2.6. Short-Read Data Processing and Variant Detection
Short-read data processing and detection of somatic single nucleotide variants and copy-number variants was carried out as previously described [50]. In addition to the gatk-somatic-cnvs pipeline from GATK 4.1.4.0 [51], CNV calling was performed with CNVkit 0.9.10 [52] or CONTRA 2.0.8 [53] using standard parameters.

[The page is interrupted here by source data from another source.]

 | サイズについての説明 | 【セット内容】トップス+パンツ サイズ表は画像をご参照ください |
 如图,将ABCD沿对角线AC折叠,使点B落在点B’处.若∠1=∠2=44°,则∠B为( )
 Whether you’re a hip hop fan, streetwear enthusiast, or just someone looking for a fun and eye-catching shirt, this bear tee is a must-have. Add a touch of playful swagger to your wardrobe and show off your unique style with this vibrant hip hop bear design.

2.7. Long-Read Whole-Genome Sequencing and Data Processing
From the CD3+ sample, 100 ng DNA was subjected to library construction using the SQK-PBK004 kit and sequenced on the GridION sequencer with R9.4.1 flow cells (Oxford Nanopore Technologies, Oxford, UK). Base calling was performed with guppy 5.1.13 and the super-accuracy model. Reads were trimmed with Porechop 0.2.4 [54] and mapped to GRCh38 with minimap2 2.17 [55] using the -R, -Y, and the –MD parameters. Coverage analysis was performed by counting bases in 50 kb intervals using samtools and visualizing the results using a custom script. Structural variants were called using Sniffles 2.0.5 [56,57] with the –non-germline, –output-rnames, and –tandem-repeats parameters. The called SVs were filtered using a custom script available on GitHub (https://github.com/carstenhain/sv-analysis, accessed on 6 August 2022). SVs were visualized using Circos 0.69 [58] and custom python scripts.

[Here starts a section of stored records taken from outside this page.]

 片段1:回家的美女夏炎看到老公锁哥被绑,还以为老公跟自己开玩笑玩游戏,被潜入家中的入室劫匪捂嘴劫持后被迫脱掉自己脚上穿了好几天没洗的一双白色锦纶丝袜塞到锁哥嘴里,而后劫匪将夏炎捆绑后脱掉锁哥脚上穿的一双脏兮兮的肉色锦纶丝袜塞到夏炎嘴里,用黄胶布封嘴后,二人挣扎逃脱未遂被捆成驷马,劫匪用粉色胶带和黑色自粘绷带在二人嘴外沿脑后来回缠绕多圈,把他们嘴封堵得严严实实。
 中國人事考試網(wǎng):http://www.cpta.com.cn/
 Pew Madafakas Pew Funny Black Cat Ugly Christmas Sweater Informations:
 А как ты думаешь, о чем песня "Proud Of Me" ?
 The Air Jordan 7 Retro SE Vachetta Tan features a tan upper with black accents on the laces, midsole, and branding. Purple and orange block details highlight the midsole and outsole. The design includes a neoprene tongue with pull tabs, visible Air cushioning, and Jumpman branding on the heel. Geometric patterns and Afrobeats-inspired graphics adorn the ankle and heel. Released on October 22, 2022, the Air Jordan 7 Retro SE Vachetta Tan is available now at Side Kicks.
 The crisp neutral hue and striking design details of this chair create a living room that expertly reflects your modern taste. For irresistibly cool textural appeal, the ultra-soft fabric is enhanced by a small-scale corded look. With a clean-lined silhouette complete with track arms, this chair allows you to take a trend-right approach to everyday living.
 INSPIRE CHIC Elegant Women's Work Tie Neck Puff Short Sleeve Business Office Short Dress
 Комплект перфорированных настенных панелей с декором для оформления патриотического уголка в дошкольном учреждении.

2.8. Long-Read Targeted Sequencing
A total of 1 µg of DNA from the unprocessed spindle biopsy was subjected to library construction using the SQK-LSK109 kit and sequenced on the GridION sequencer with R9.4.1 flow cells (Oxford Nanopore Technologies, Oxford, UK). The adaptive sampling option was enabled in MinKNOW 20.10.6. For targeting, a bed-file and the human genome GRCh38 were used. The intervals were constructed manually, consisting of individual SV breakpoints with 15 kb padding as well as larger regions, e.g., the complete chr9p region. In total, 112 regions comprising 112 Mb were targeted with this approach (Table S2). Base calling was done with guppy 5.1.13 and the super-accuracy model. Reads were trimmed with Porechop 0.2.4 [54] and mapped to GRCh38 with minimap2 2.17 [55] using the -R, -Y, and the –MD parameters. SNP calling was performed with longshot 0.4.1 [59], SNPs were filtered for QUAL > 100, and reads were phased with WhatsHap [60].

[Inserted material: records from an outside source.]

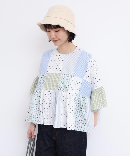 ひらひらと風を感じるようなたっぷりシルエットと、 初夏の晴れた空や芝生が似合うかろやかな色合い。 小花柄、ドット、ギンガムチェックを組み合わせたパッチワークは、 さわやかだけど少しカントリーでノスタルジックな雰囲気。 同系色でパッチワークした生地は、Tシャツなどの モチーフものとも相性がよいので夏まで長くきていただけます。 ふわっと涼しげな、シンプルに着るだけで決まるブラウス。 夏の羽織りとしてもおすすめです。 ●サックスブルー チェック小:ポリエステル80% コットン20% チェック大:コットン55% ポリエステル45% ストライプ:コットン100% ドット柄:コットン100% 花柄:コットン100% ●ブラック チェック:ポリエステル80% コットン20% ストライプ:コットン100% ドット柄:コットン100% ※着用商品はサンプルです。実際の商品と仕様、加工、サイズが若干異なる場合がございます。 サンプルからの変更点:身幅が5.5cm、裾幅が10cm小さくなり、ボリューム感が抑えられます。 ※光の関係で実物の商品の色味とは若干異なる場合がございます。 実際に近い色味は詳細画像をご参照下さい。 ※取り扱いの注意については取り扱い表示をよくご確認の上、着用をお願いいたします。 【素材の特性、お取り扱いの注意】 ・この製品は複数の生地をパッチワークしているため、大変デリケートです。強い力での縫い目の開き、引っ掛かりに気をつけて下さい。 ・この製品はデザイン上、無理な力を加えたり、乱暴に扱うと破損しやすくなっています。お取扱いにご注意下さい。 ・この製品は、配色使いになっておりますので、長時間水につけておいたり、濡れたまま放置しておりますと、淡色部分に汚染することがありますので、ご注意下さい。 ・この製品は、特に濃色の場合、汗や雨等でぬれた際や強くこすられた場合に色落ちし、他の衣料・小物に移染する事がありますので、ご注意下さい。 ・この製品は独特の風合いを出す為に製品洗いをしています。一枚一枚の色味、風合い、サイズ等も微妙に違いますが、他の製品では味わえない雰囲気をお楽しみ下さい。 ・この製品を洗濯する際には多少縮む場合がありますので、形を整えてから日陰で干して下さい。 l'atelier du savon(アトリエドゥサボン) CONCEPT 1つ1つにかけられた手のぬくもり 日々の生活に、少しのデザインを加えた大人の日常着 あそび心とあたたかみ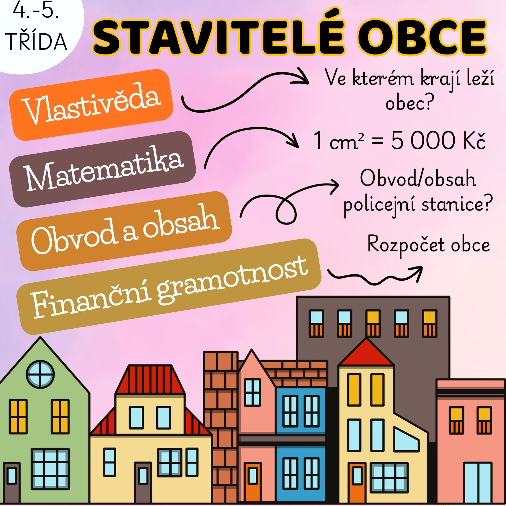 „Stavitelé obce“ je materiál pro 4.–5. ročník ZŠ, který propojuje matematiku, vlastivědu a finanční gramotnost. Žáci se ocitají v roli zastupitelstva a plánují rozvoj nebo vznik nové obce. Pracují ve čtvercové síti, počítají obsah a obvod, stanovují cenu pozemků a hospodaří s omezeným rozpočtem.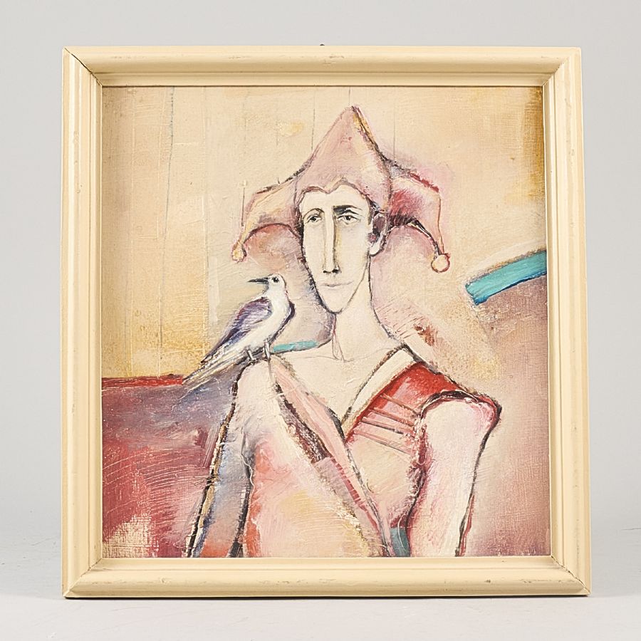 Oidentifierad konstnär. Påskrift a tergo, clown med fågel. Olja på pannå, 33x31 cm, yttermått inklusive ram: 38x36 cm

2.9. Detection of RAG or Microhomology Sites at SV Breakpoints
Analysis of RAG heptamers was carried out as described [20]. For microhomology detection, the sequences 12 bp around SV breakpoints were extracted and pairwise aligned using a custom script. The best alignment (in bp length) was used for further analysis. For comparison with RAG and microhomology occurrence in a random background, a random set of 100 SVs was generated and subjected to the same analysis steps as the actual SVs.
2.10. Detection of Templated Insertions
During SV filtering, all supporting reads from single SVs were assembled using lamassemble [61]. SV assemblies were mapped to GRCh38 with minimap2, and assemblies mapping to more than two regions in the genome were flagged and inspected manually.
2.11. Validation of SV Breakpoint Sequences Using Sanger Sequencing
Selected SVs detected by nanopore whole-genome sequencing were validated by Sanger sequencing. PCR products for sequencing were prepared using individual primers (Table S1), cleaned up with ExoSAP-IT™ PCR Product Cleanup Reagent (ThermoFisher, Waltham, MA, USA), and sequenced using one PCR primer. Results were mapped and analyzed with Geneious 2020 (Geneious, Auckland, New Zealand).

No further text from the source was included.